▶ _WHAT YOU WILL DO_
From the entries below, write out exactly the lines between the line holding "Bernedoodle Beach Surfing" and the line holding "9ft Patio Umbrella", inclusive, excluding any pictures.

# # # # # # #

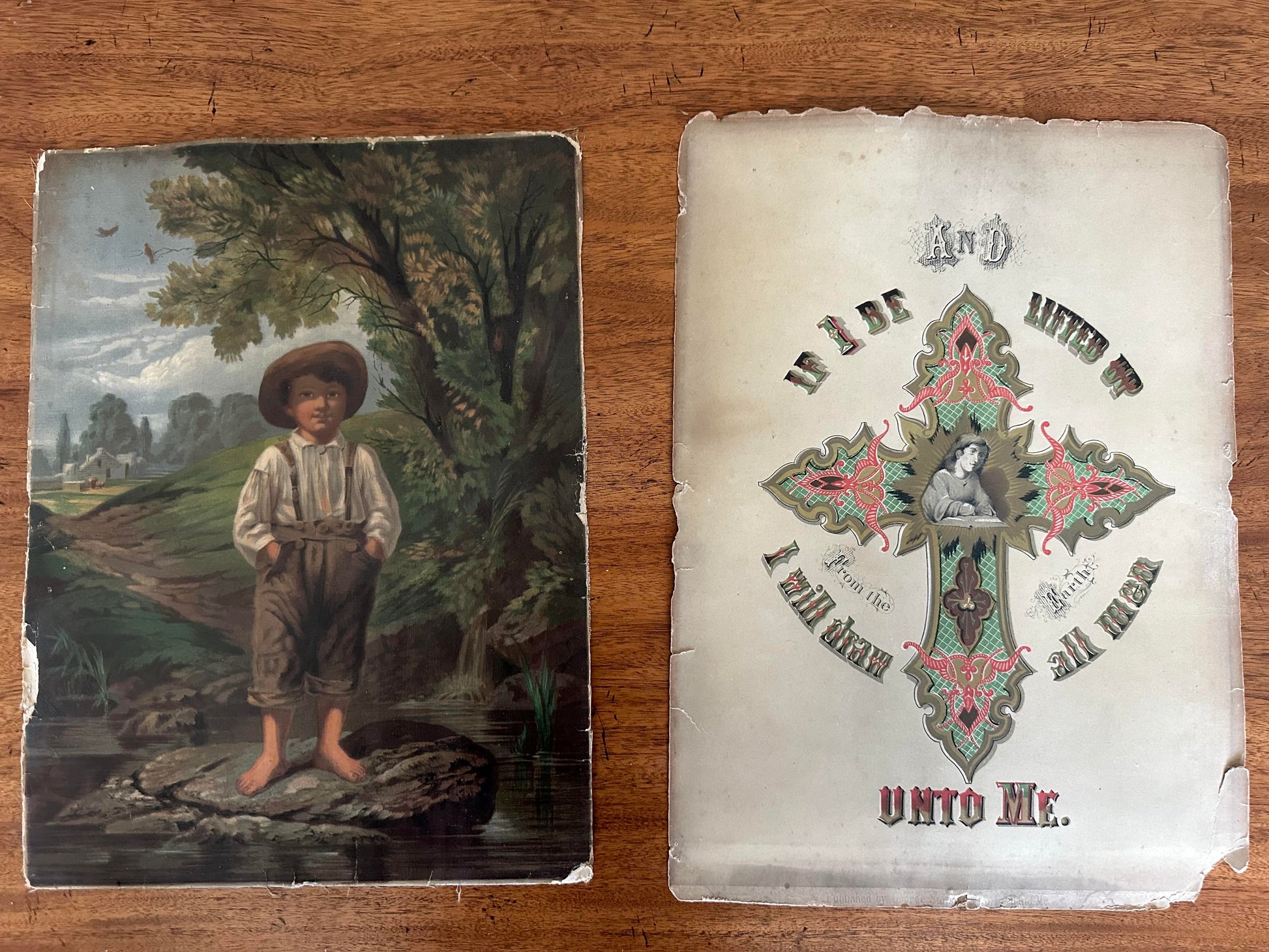 Vintage John Greenleaf Whittier "The Barefoot Boy" Canvas Art Print + "If I Be Lifted Up" Print – George Stinson & Company
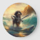 Bernedoodle Beach Surfing Painting Stor Klocka
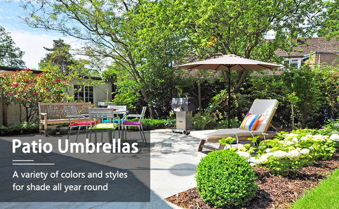 9ft Patio Umbrella Market Umbrellas Large Outdoor Umbrella with Push Button Tilt and Crank, Red
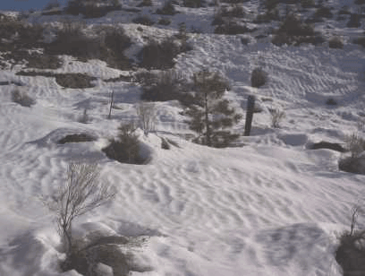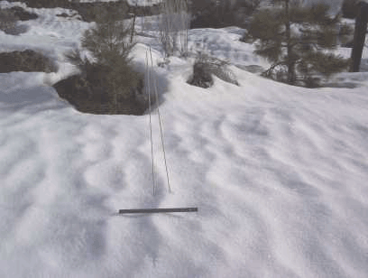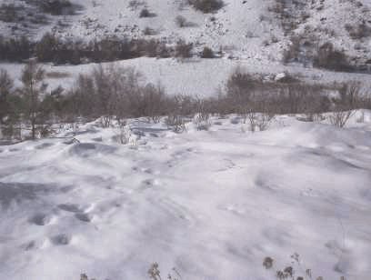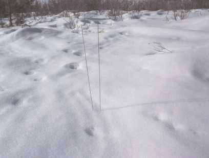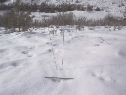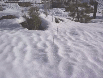 Energy Flow: Spatial and Temporal Patterns Peter A. Martin* Department of Geography Oregon State University INTRODUCTION "The flow of energy through a system tends to organize that system" (Fuller, 1). This organization reveals itself by the appearance and propagation of spatial and temporal patterns on the system surface. For example, stream flow may separate and distribute alluvium according to its density. Wind blowing over featureless water may engender a rich field of periodicity in waves and aligned streaks of foam. A more prosaic example of "organization" arises in the generation of washboard on an unpaved road with the passage of traffic. The tendency toward organization or pattern seems to be "in the cards" (see, eg. 2), and operates across a great range of scales (see, eg., 3), which may account for the fractal, or scale-wise self-similar, character of nature. We suggest that, by adopting the expectation that organization should accompany the flow of energy, one might anticipate the discovery of patterns; moreover, one might conversely take patterns to be the evidence of the flow of energy, and look for other accompanying patterns. DISCUSSION OF OBSERVATION AND EXPERIMENT The case-in-point flow of energy here is the waxing insolation as we move from winter solstice toward summer solstice. The observed pattern was that of waves in the surface of melting snow. The wave crests tended to be aligned roughly east-west, amplitude of the order 1cm, wavelength of the order 10cm. The conjecture was that these waves might be driven by the sun, and that they might be propagating northward because of their self-effect: intensified melting on their south faces, and protection of their north faces by their own aspect. (This propagation would be an accompanying pattern not immediately apparent to the senses because of the temporal scale.) To gauge possible wave propagation, two 1/8" wood dowels were stuck through each of two waves and into the earth below, one at a crest and one at an adjacent trough. (See Figures 1-4.) The relative positions of the waves and dowels were observed 24 hours later. (See Figures 5-6.) Advancement of the snow waves was apparent in both cases. The propagation was more apparent with reference to the crests than with reference to the troughs, but amounted to approximately 3cm in both cases. The snow depth at the time the dowels were placed (9:15 local time) was approximately 23cm, and the snow depth at the second observation, 24 hours later, was approximately 20cm. It was apparent that the presence of the dowels induced increased melting (so that the dowels did not remain perfectly upright). The effect of the dowels on the snow waves was small. CONCLUSION This rather whimsical research experiment arose because of the flow of information (which is akin to energy) through a system predisposed by its nature to exhibit organization. That is, the system (the mind of the observer) was predisposed by its nature to exhibit organization, given the flow of information. More to the point of geography: we might expect that, wherever there is spatial pattern, there might be temporal propagation. Stationary waves are usually associated with resonance, a phenomenon that is characteristic of a bounded system. Further examples of temporal patterns that might be suggested by their accompanying spatial patterns include the advancement of stream meanders, and the spreading of the sea floor. Readers are invited to speculate on the temporal aspect
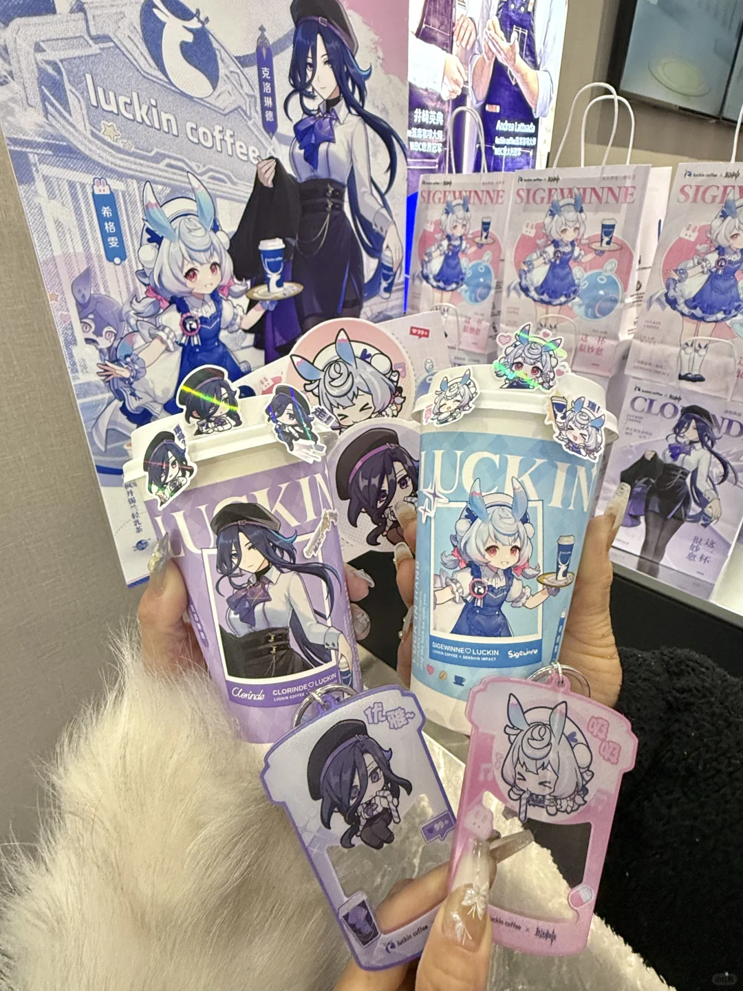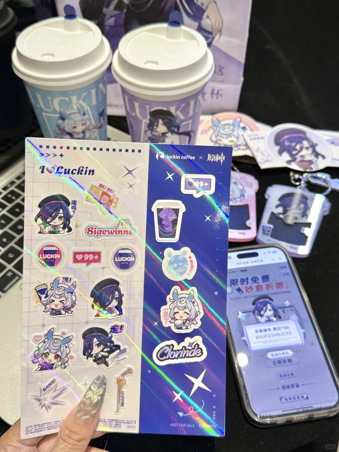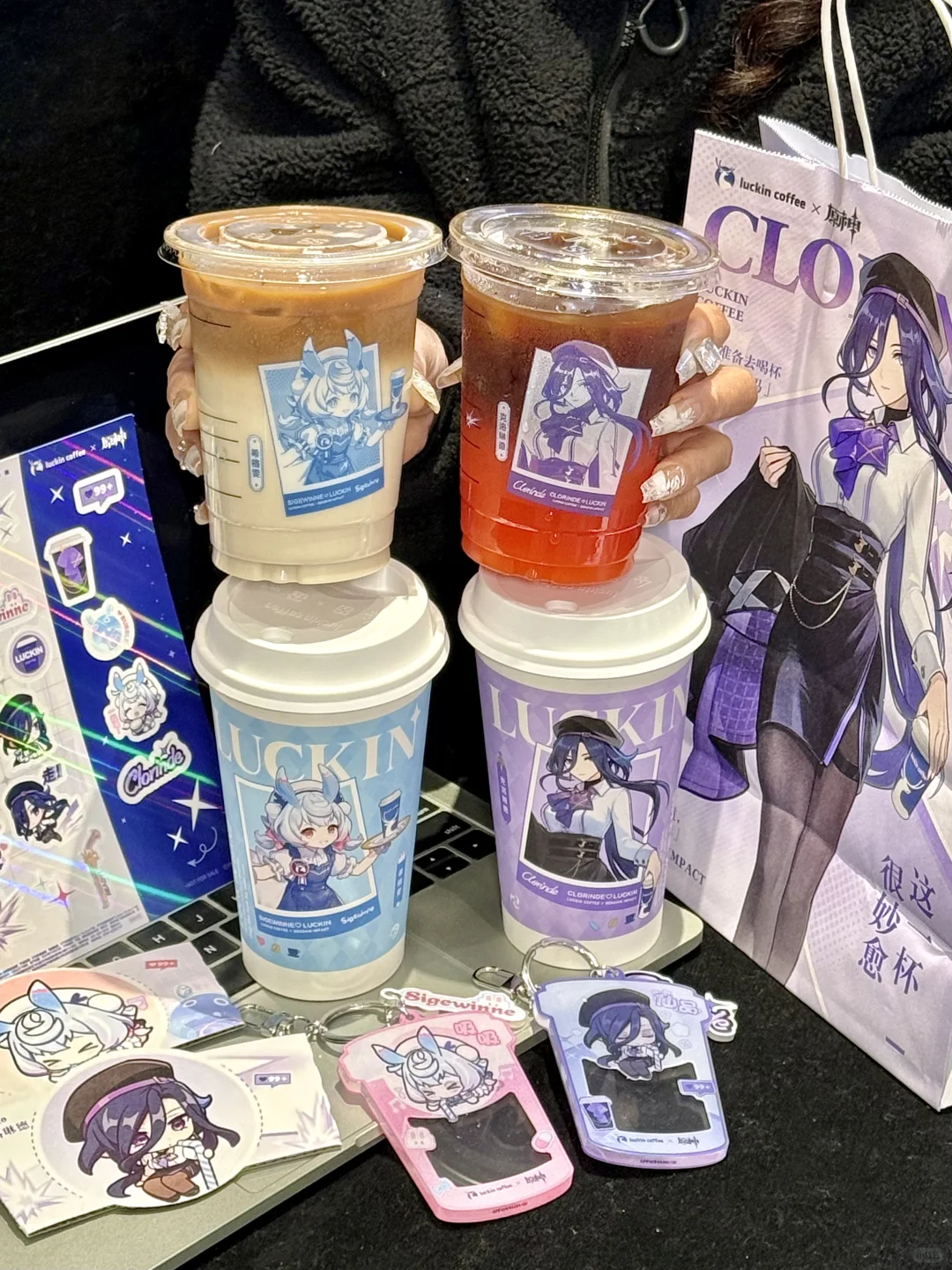 啊啊啊终于上了!瑞幸原神联名! 一大早就拉着朋友冲了 周边亚克力钥匙扣、贴纸、杯套和主题杯……克洛琳德和希格雯两款通通拿下!! 钥匙扣晃动还会眨眼睛太可爱了!!亚克力厚度很坚硬超喜欢啊啊啊啊 还有chou🎁机会姐妹们别忘了 到底是谁在抽中原神包年咖啡啊啊啊! 俺试了四个手机也没抽到😡😡 谁中了快出来给我吸吸欧气!!!

# # # # # # #

▶ _ANSWER TO THIS TASK_
 Bernedoodle Beach Surfing Painting Stor Klocka
 9ft Patio Umbrella Market Umbrellas Large Outdoor Umbrella with Push Button Tilt and Crank, Red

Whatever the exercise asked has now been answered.